» PROBLEM
Write out every record below exactly as it appears, omitting the pictures.

» Data entries
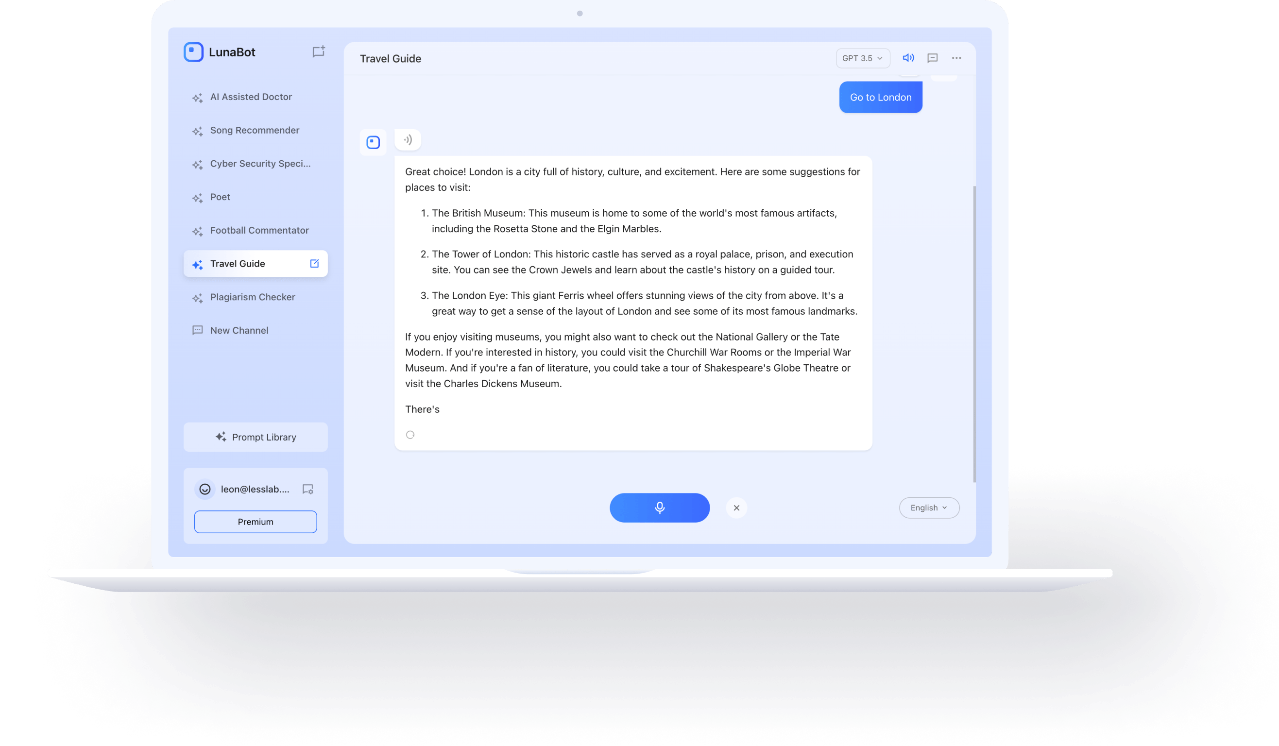 Lunabot 提供了一个平台让用户上传 PDF,还整合了 ChatGPT 的技术,帮助用户更深入地分析和解读文件内容。以下是一个简单的指南,展示如何使用这些功能。完全可以替代 ChatPDF 和 ChatDOC 的功能。
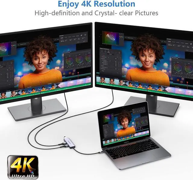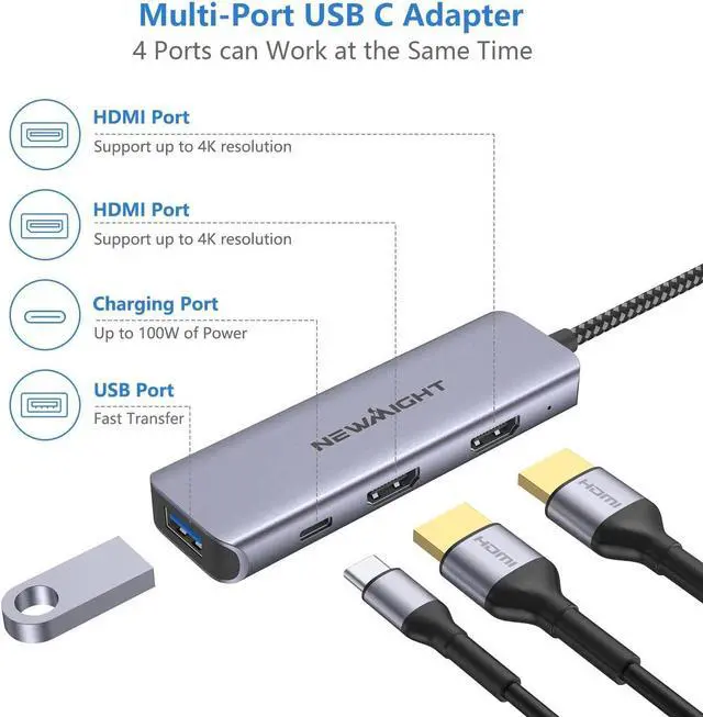USB-C to Dual HDMI Adapter 4 in 1This usb c to dual hdmi adapter resolution is up to 4K(3840X2160P@60HZ), dual monitors with HDMI at 3840x2160@30Hz; This dual monitor adapter allows you to do different project on differnet monitors. Boost your work productivity and efficiency. It is an ideal usb c accessories for photography, programmer, data analysis, etc. No need any drivers or software, just plug and play.
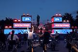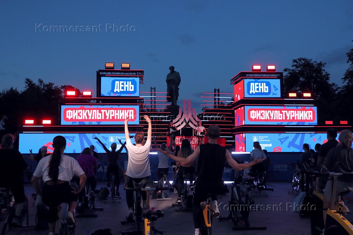 Спортивный фестиваль "День Физкультурника" в Москве. Соревнования по сайклу на Пушкинской площади.
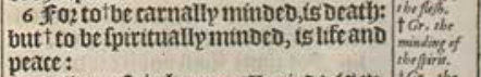 6 For to +be carnally minded, is death: but +to be spiritually minded, is life and peace: [+Gr. the minding of the flesh. ,+Gr. the minding of the spirit.]
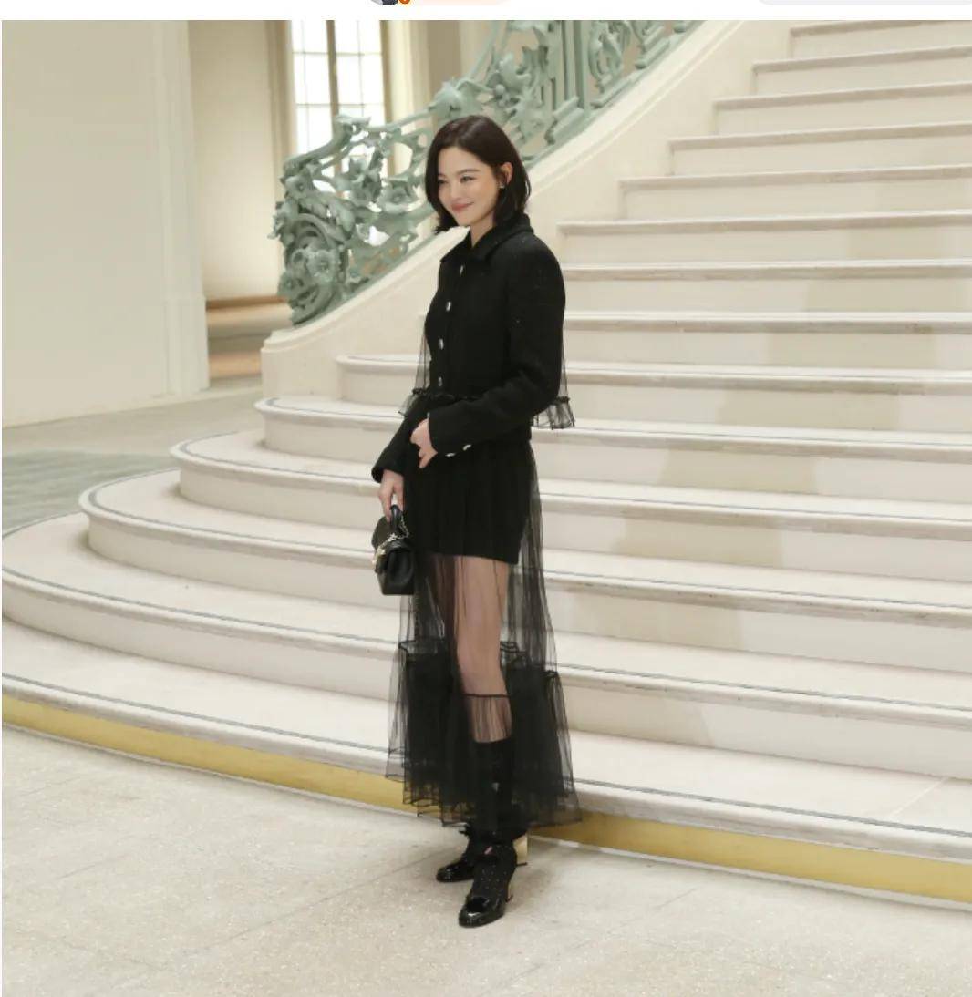记得前几天辛芷蕾还去了法国参加大秀,她的这一套黑色的短款裙子真的是美到了心坎里。

» RESULT OF THIS TASK
 Lunabot 提供了一个平台让用户上传 PDF,还整合了 ChatGPT 的技术,帮助用户更深入地分析和解读文件内容。以下是一个简单的指南,展示如何使用这些功能。完全可以替代 ChatPDF 和 ChatDOC 的功能。
USB-C to Dual HDMI Adapter 4 in 1This usb c to dual hdmi adapter resolution is up to 4K(3840X2160P@60HZ), dual monitors with HDMI at 3840x2160@30Hz; This dual monitor adapter allows you to do different project on differnet monitors. Boost your work productivity and efficiency. It is an ideal usb c accessories for photography, programmer, data analysis, etc. No need any drivers or software, just plug and play.
 Спортивный фестиваль "День Физкультурника" в Москве. Соревнования по сайклу на Пушкинской площади.
 6 For to +be carnally minded, is death: but +to be spiritually minded, is life and peace: [+Gr. the minding of the flesh. ,+Gr. the minding of the spirit.]
记得前几天辛芷蕾还去了法国参加大秀,她的这一套黑色的短款裙子真的是美到了心坎里。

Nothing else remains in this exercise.